• [SOURCE RECORDS]:
Start of Block

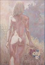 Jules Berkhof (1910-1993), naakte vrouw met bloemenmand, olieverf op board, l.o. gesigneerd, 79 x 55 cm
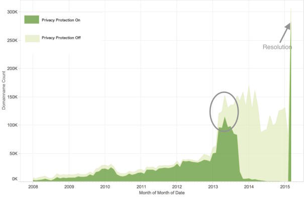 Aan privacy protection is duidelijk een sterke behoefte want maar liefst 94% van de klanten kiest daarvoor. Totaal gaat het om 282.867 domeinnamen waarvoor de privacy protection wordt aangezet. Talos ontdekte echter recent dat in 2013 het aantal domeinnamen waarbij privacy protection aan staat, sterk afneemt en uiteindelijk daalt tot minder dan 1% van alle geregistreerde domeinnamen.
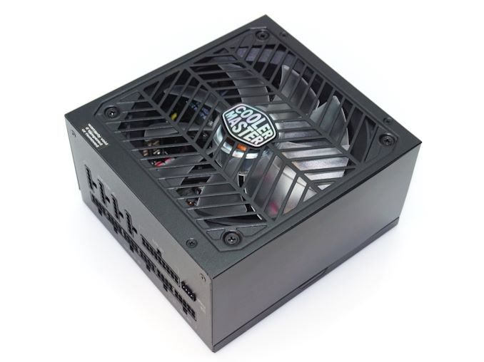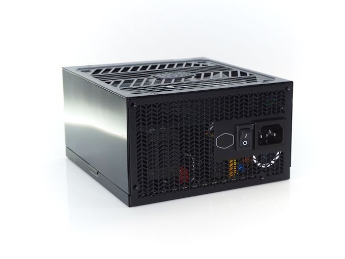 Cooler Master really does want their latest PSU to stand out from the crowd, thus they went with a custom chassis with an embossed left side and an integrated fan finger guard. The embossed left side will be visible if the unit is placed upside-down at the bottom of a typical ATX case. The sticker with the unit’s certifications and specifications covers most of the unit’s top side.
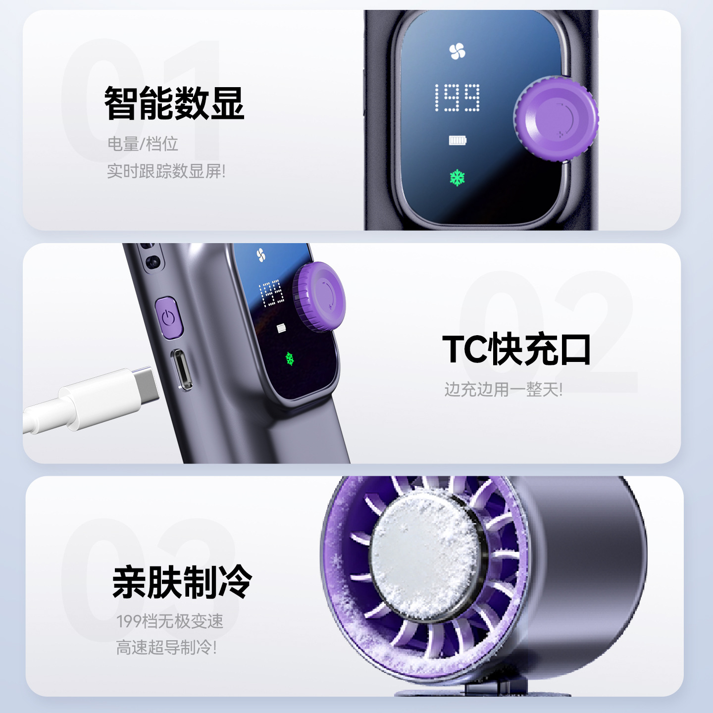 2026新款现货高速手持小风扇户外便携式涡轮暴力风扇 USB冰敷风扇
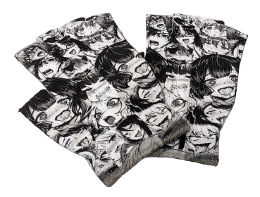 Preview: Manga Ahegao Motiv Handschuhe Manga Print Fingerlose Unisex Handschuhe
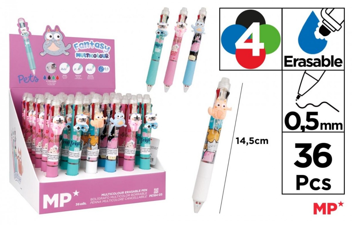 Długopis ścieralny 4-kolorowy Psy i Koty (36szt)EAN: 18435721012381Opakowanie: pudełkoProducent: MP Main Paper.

End of Block
Start of Block

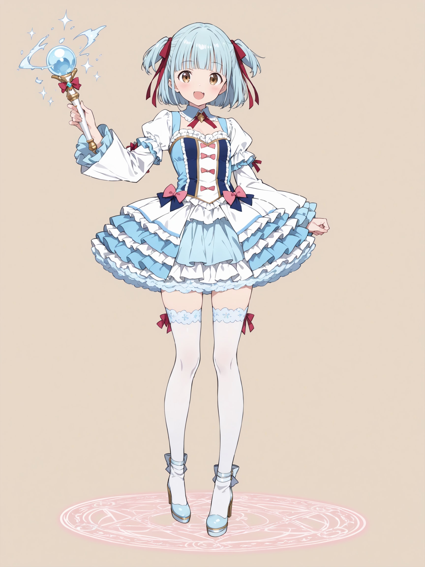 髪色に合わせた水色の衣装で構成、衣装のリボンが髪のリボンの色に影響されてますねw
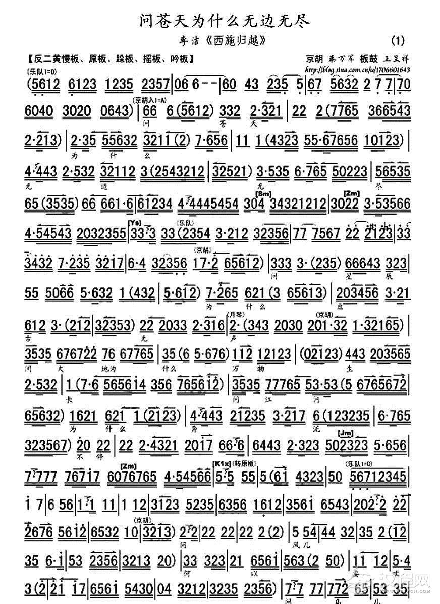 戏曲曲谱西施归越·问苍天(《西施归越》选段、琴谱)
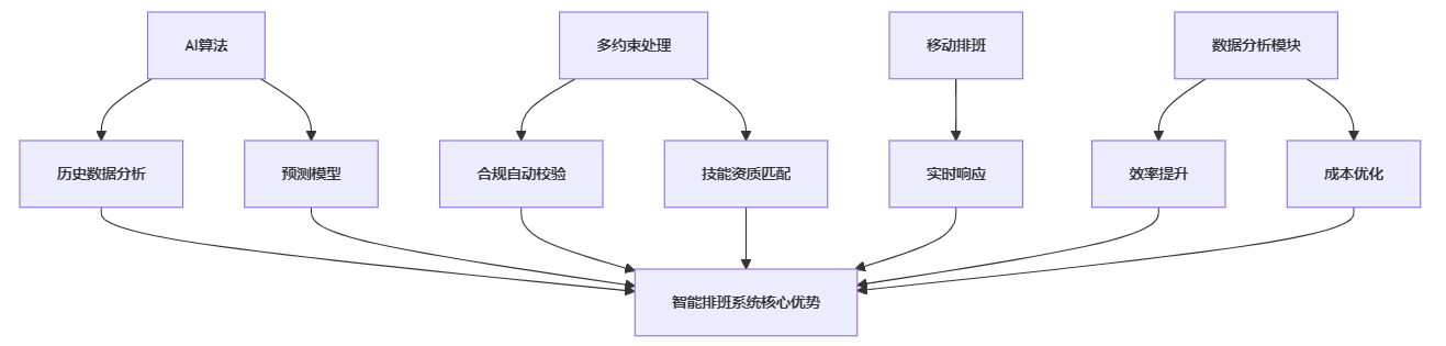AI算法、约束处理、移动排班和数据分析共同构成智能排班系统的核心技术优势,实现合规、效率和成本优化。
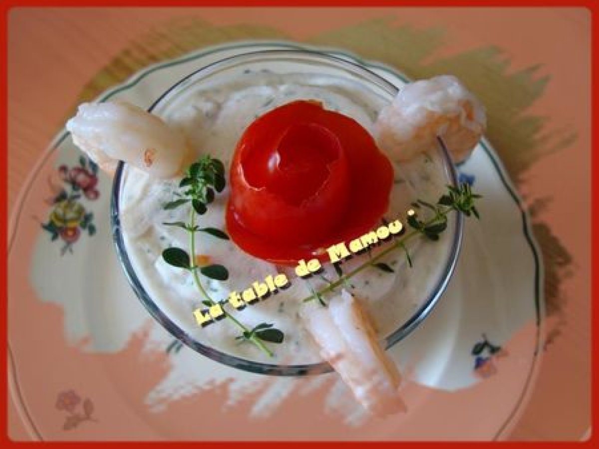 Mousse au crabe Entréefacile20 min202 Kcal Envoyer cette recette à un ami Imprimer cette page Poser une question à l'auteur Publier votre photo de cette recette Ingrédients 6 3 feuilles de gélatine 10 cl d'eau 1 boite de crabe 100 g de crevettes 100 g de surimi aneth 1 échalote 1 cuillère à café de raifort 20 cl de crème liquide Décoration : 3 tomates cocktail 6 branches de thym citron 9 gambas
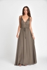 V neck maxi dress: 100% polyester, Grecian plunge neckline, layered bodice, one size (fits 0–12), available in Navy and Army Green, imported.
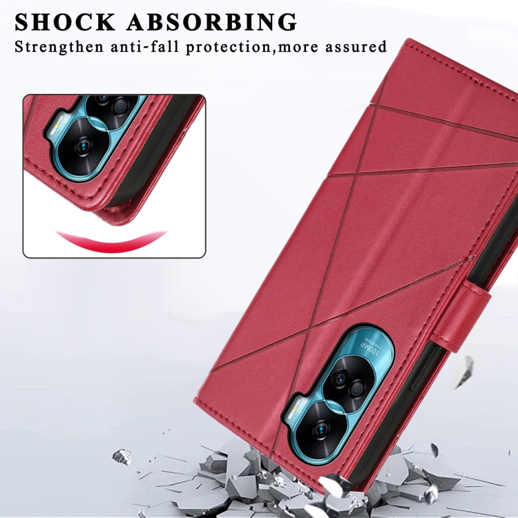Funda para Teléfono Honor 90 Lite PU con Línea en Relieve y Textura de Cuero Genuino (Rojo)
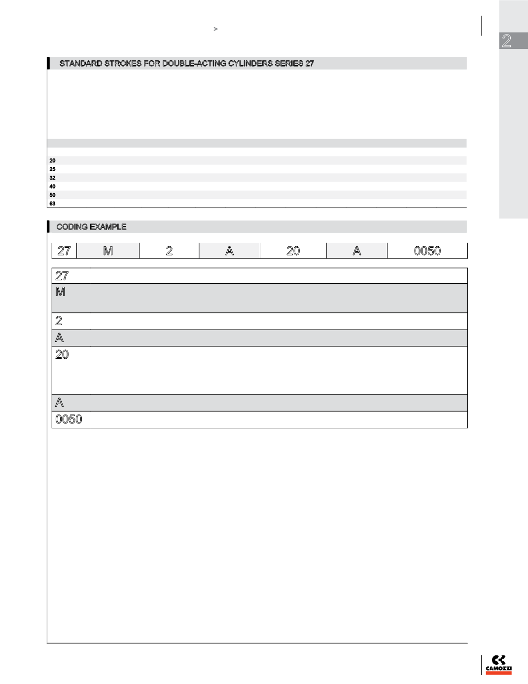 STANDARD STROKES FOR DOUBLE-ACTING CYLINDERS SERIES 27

End of Block
Start of Block

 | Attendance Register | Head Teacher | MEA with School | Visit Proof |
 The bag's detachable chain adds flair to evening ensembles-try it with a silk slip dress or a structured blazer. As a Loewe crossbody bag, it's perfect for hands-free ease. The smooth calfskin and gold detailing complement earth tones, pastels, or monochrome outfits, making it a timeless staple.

End of Block

In the listing above, find the line with "Jules Berkhof (1910-1993), naakte" and the line with "Długopis ścieralny 4-kolorowy". Copy exactly those two and every line between, without the pictures.

 Jules Berkhof (1910-1993), naakte vrouw met bloemenmand, olieverf op board, l.o. gesigneerd, 79 x 55 cm
 Aan privacy protection is duidelijk een sterke behoefte want maar liefst 94% van de klanten kiest daarvoor. Totaal gaat het om 282.867 domeinnamen waarvoor de privacy protection wordt aangezet. Talos ontdekte echter recent dat in 2013 het aantal domeinnamen waarbij privacy protection aan staat, sterk afneemt en uiteindelijk daalt tot minder dan 1% van alle geregistreerde domeinnamen.
 Cooler Master really does want their latest PSU to stand out from the crowd, thus they went with a custom chassis with an embossed left side and an integrated fan finger guard. The embossed left side will be visible if the unit is placed upside-down at the bottom of a typical ATX case. The sticker with the unit’s certifications and specifications covers most of the unit’s top side.
 2026新款现货高速手持小风扇户外便携式涡轮暴力风扇 USB冰敷风扇
 Preview: Manga Ahegao Motiv Handschuhe Manga Print Fingerlose Unisex Handschuhe
 Długopis ścieralny 4-kolorowy Psy i Koty (36szt)EAN: 18435721012381Opakowanie: pudełkoProducent: MP Main Paper.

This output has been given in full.